I figli del reverendo Powys furono ben undici e molti di essi si ritrovarono in possesso di vari e spiccati talenti.
Oltre naturalmente a Theodore, tra i ragazzi Powys si distinsero nella scrittura suo fratello John, l’altro fratello Llewelyn, che fu anche saggista, e Albert, architetto e autore di testi sulla conservazione degli edifici antichi.
Anche le donne, in questa insolita famiglia, brillarono per qualche vocazione soddisfatta: la sorella Philippa, fu autrice di un romanzo e di alcune poesie, un’altra sorella, Marian, divenne una delle maggiori autorità internazionali sui pizzi ed i merletti, ed un’altra ancora, Gertrude, fu pittrice di successo.
Non molto portato per gli studi e di conseguenza alunno irrequieto, Theodore a soli quindici anni andò via di casa per diventare apprendista in una fattoria nel Suffolk.
Dopo qualche anno si mise in proprio, ma la sua azienda agricola non rese per quello che lui si sarebbe aspettato.
Nel 1901, quindi, si trasferì nel Dorset, stavolta con l’ambizione, in seguito soddisfatta, di diventare uno scrittore.

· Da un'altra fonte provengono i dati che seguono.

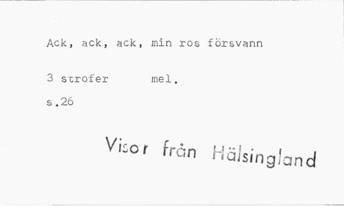 //// Ack, ack, ack, min ros försvann //// 3 strofer mel. //// s . 26 //// Vi:°' från Hälsingland ////
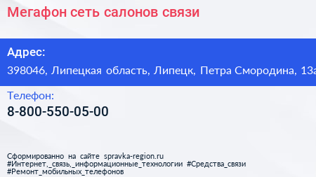 Мегафон, сеть салонов связи по адресу 398046, Липецкая область, Липецк, Петра Смородина, 13а в дальнейшем Организация, размещена в следующих категориях:
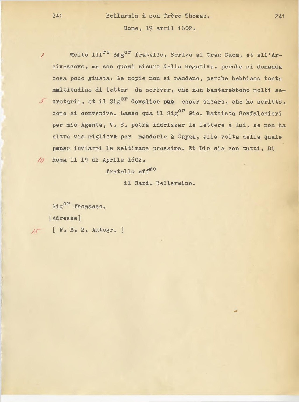 Molto ill.re Sig.or fratello. Scrivo al Gran Duca, e all'Arcivescovo, ma son quasi sicuro della negativa, perche si domanda cosa poco giusta. Le copie non si mandano, perche abbiamo tanta moltitudine di lettere da scriver, che non basterebbero molti segretari, e il Sig. Cavalier può esser sicuro, che ho scritto, come si conveniva. Lasso qua il Sig.or Gio. Battista Gonfalonieri per mio Agente, V.S. potrà indirizzare le lettere a lui, se non ha altra via migliora per mandarle a Capua, alla volta della quale penso inviarmi la settimana prossima. E Dio sia con tutti. Di Roma li 19 di Aprile 1602.
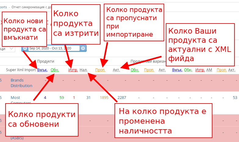 Посочени са и колко продукти са вмъкнати, колко са обновени, колко са изтрити, на колко продукти наличността е променена, колко продукти са пропуснати при обновяването заради настройките за "Защита от грешки" при импортиране и колко продукти са актуални, тоест еднакви с продуктовия фийд, от който наливате.
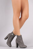 These booties features an almond toe design, stitching accents, and side zip closure. Finished with a cushioned insole and soft faux fur lining.
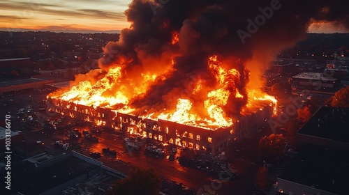 Aerial view of a large fire engulfing an urban building. Flames and smoke
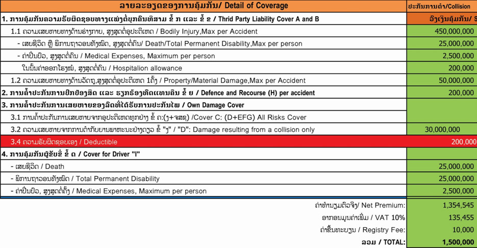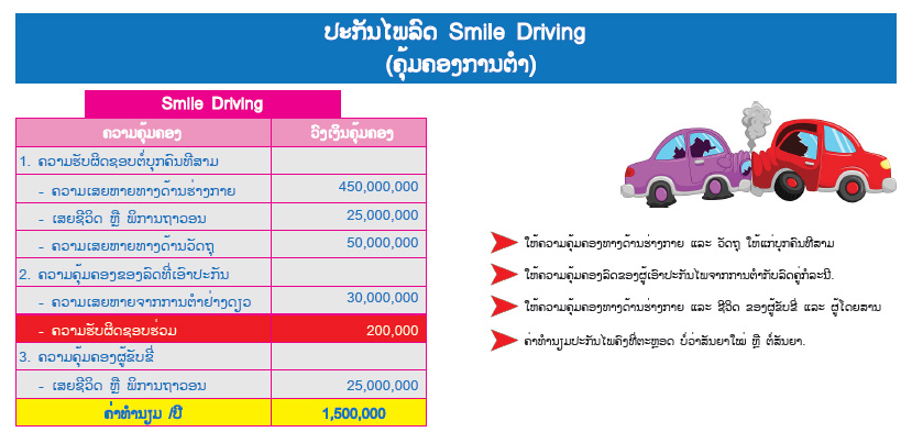 ແມ່ນປະກັນໄພລົດທີ່ຄຸ້ມຄອງການຕໍາ, ບໍລິສັດປະກັນໄພ ຈະຊ່ວຍເຂົ້າໄປເບິ່ງແຍ່ງ ແລະ ຊົດໃຊ້ຄວາມເສຍຫາຍໃຫ້ແກ່ບຸກຄົນທີສາມ ລວມໄປເຖິງຄວາມເສຍຫາຍຂອງທ່ານ, ໃນກໍລະນີອຸບັດຕິເຫດທີ່ເກີດຈາກຕໍາຂອງພາຫະນະ ແລະ ພາຫະນະ.
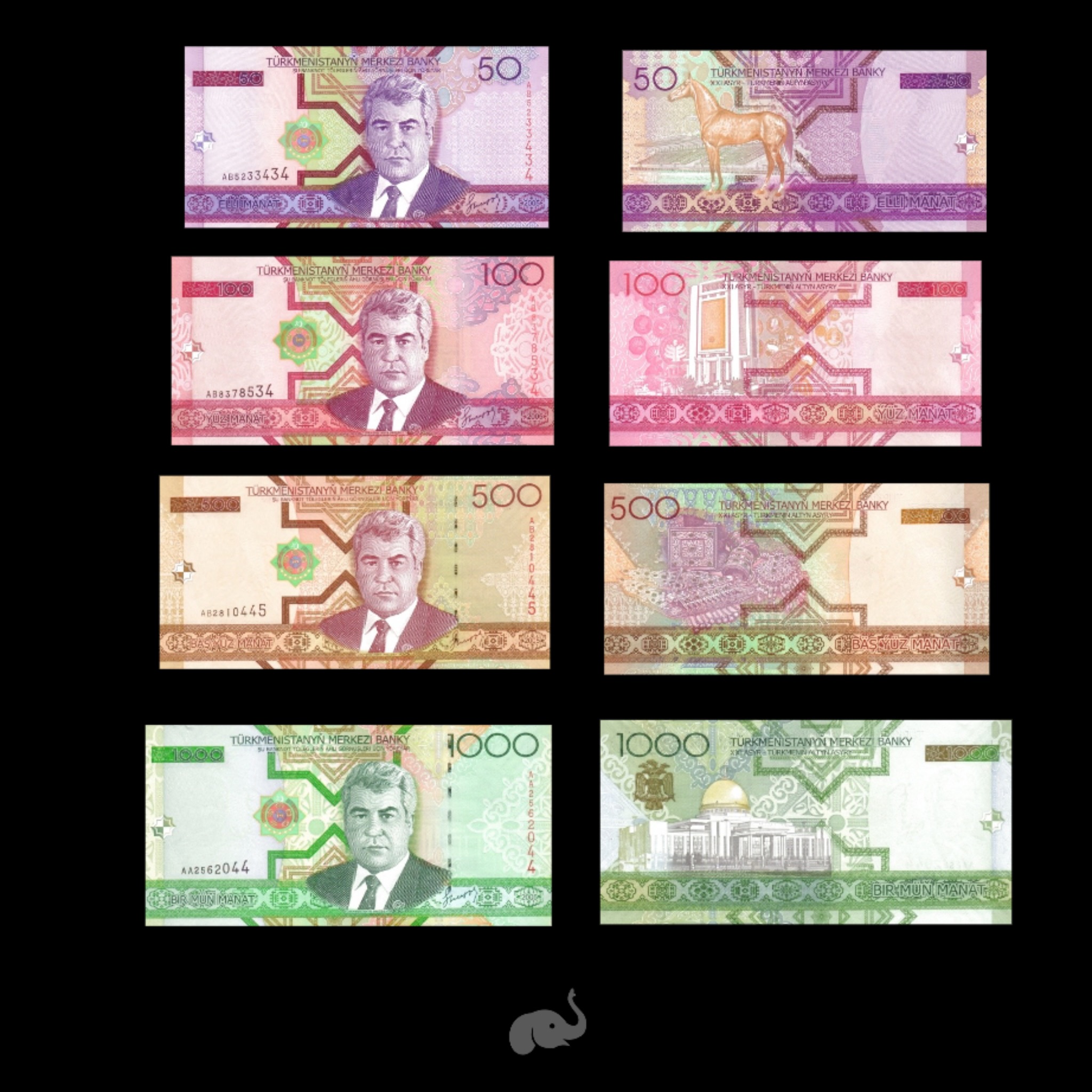 Turkmenistan 50-1000 Manat 2005 UNC set of 4
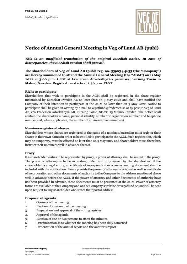 The shareholders of Veg of Lund AB (publ) reg. no. 559054-4655 (the “Company”) are hereby summoned to attend the Annual General Meeting (the “AGM”) on 11 May 2022 at 3:00 p.m. CEST at Fredersen Advokatbyrå’s premises, Turning Torso in Malmö, Sweden. Registration starts at 2:30 p.m. CEST.

Si sposò nel 1905 con Violet Dodd e, oltre a mettere al mondo due figli, ne adottò un’altra.
Per quasi quarant’anni, dal 1904 al 1940 Theodore F. Powys, come del resto altri membri della sua famiglia di origine, visse a East Chaldon, un villaggio costiero del Dorset, trasferendosi poi, per paura delle conseguenze della Seconda Guerra Mondiale, a Mappowder, un altro centro della stessa regione, ma situato più all’interno, ritenendolo più sicuro.
Tra le sue prime pubblicazioni spicca “The soliloquy of a Hermit”, del 1916, falso diario di un curato anglicano di campagna, nel quale le annotazioni di carattere religioso, mai convenzionali, sfociano spesso in folgoranti battute, mescolandosi con acute osservazioni a proposito dei suoi singolari vicini di casa.
La carriera di Powys fece un salto di qualità quando produsse alcuni romanzi di successo, come, ad esempio, “Gli dei di Mr. Tasker”, pubblicato nel 1924.
Gli dei cui il titolo accenna sono i porci della fattoria del signor Tasker, al quale l’adorazione nei loro confronti non impediva di scannarli.
Era un romanzo che già definiva l’ambito in cui sui sarebbe mossa l’intera produzione di Powys, ovvero quello della descrizione di come il male si annidi nelle piccole comunità di campagna, ma che faceva sentire chiaramente anche l’umore che avrebbe pervaso tutta la sua opera: un’incombente presenza teologica, declinata in eccentriche convinzioni ed un humour nero che avvolge anche gli eventi più drammatici.
Anche lo stile dello scrittore, tanto sobrio quanto incisivo, che già si rivelava pienamente in quelle prime prove, si confermò e precisò in un romanzo successivo, “Il buon vino del Signor Weston”, pubblicato nel 1927.
L’arrivo di un vecchio furgoncino con due uomini a bordo in un piccolo villaggio di campagna, precede la sorprendente apparizione in cielo di una grande scritta di luce: “Il buon vino del signor Weston”.
Da quel momento in poi si diffonde tra gli avventori dell’unica locanda del paese e tra i malvagi abitanti di tutto il villaggio, un inesplicabile senso di attesa, il presentimento di qualche evento straordinario che dovrà comunque accadere.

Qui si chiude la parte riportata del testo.